# [WHAT YOU ARE ASKED TO DO]
Starting at the line that contains "Tak hanya melalui", copy every line to the end of the material below exactly, and omit the pictures.

# [DATASET EXTRACT]
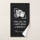 Photo de caméra citation noir et blanc personnalisé cadeau de serviette main. Design noir et blanc personnalisé avec citation inspirante et caméra dans le dessin de focus. Personnalisez avec votre propre slogan célèbre et votre photo en option. Idées cadeaux uniques pour photographes, collègues, collègue, patron, professionnel, amateur, éditeur, etc. L'art de capturer un moment.
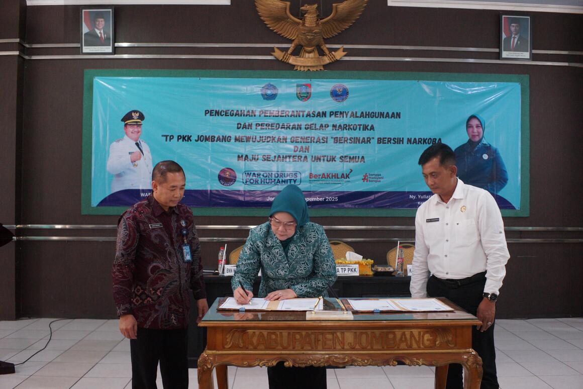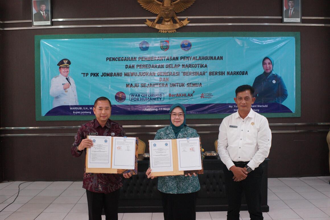 Tak hanya melalui sosialisasi bertajuk “Generasi Bersinar, Bersih Narkoba dan Maju Sejahtera untuk Semua”, hari itu juga ditandai dengan penandatanganan Perjanjian Kerja Sama (PKS) antara TP PKK Kabupaten Jombang dan Badan Narkotika Nasional (BNN) Kota Mojokerto.
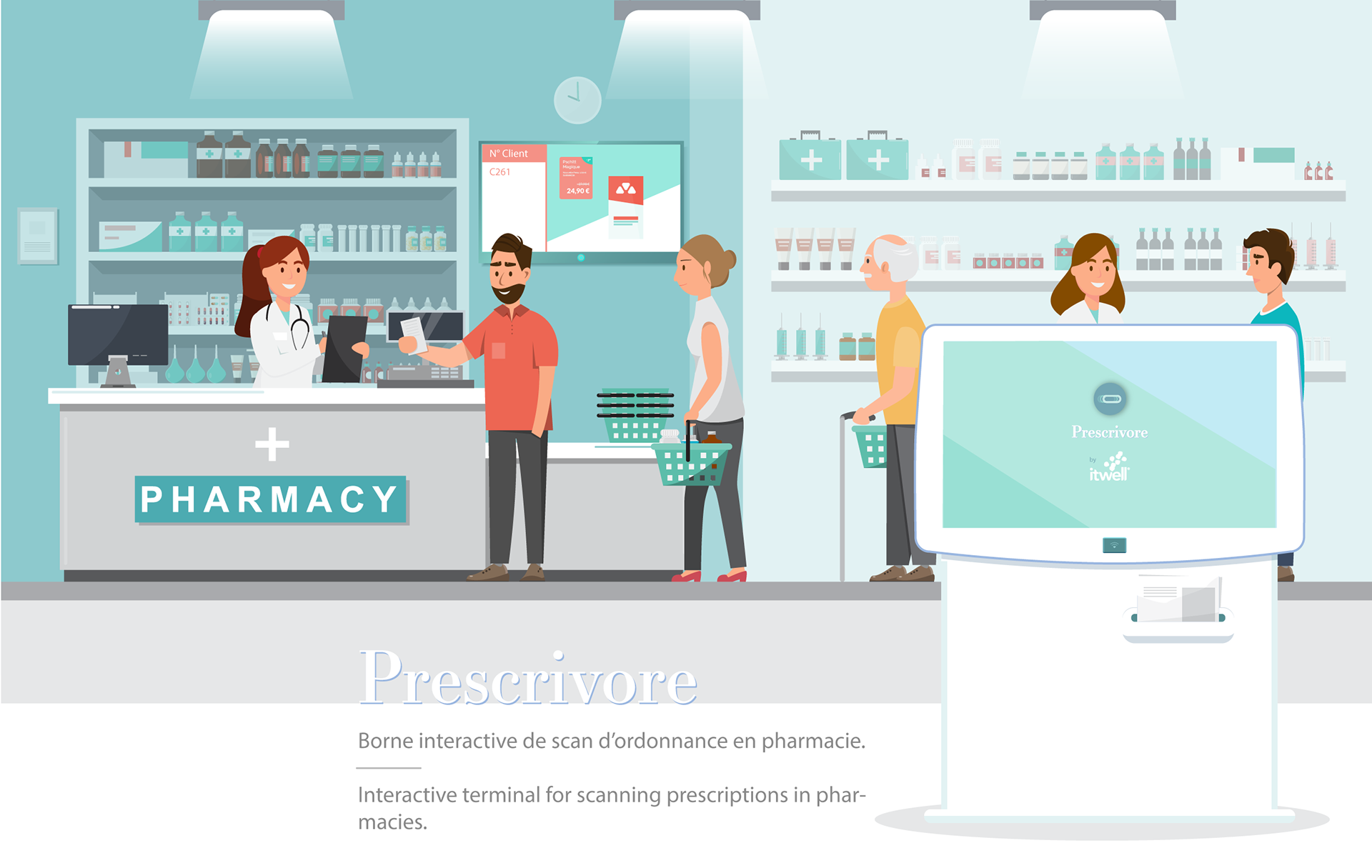 Prescrivore is an interactive terminal for scanning prescriptions in pharmacies. The scanned prescription gets into a digital ticketing system, and the client is notified when his order is ready.

# [ANSWER BOX]
 Tak hanya melalui sosialisasi bertajuk “Generasi Bersinar, Bersih Narkoba dan Maju Sejahtera untuk Semua”, hari itu juga ditandai dengan penandatanganan Perjanjian Kerja Sama (PKS) antara TP PKK Kabupaten Jombang dan Badan Narkotika Nasional (BNN) Kota Mojokerto.
 Prescrivore is an interactive terminal for scanning prescriptions in pharmacies. The scanned prescription gets into a digital ticketing system, and the client is notified when his order is ready.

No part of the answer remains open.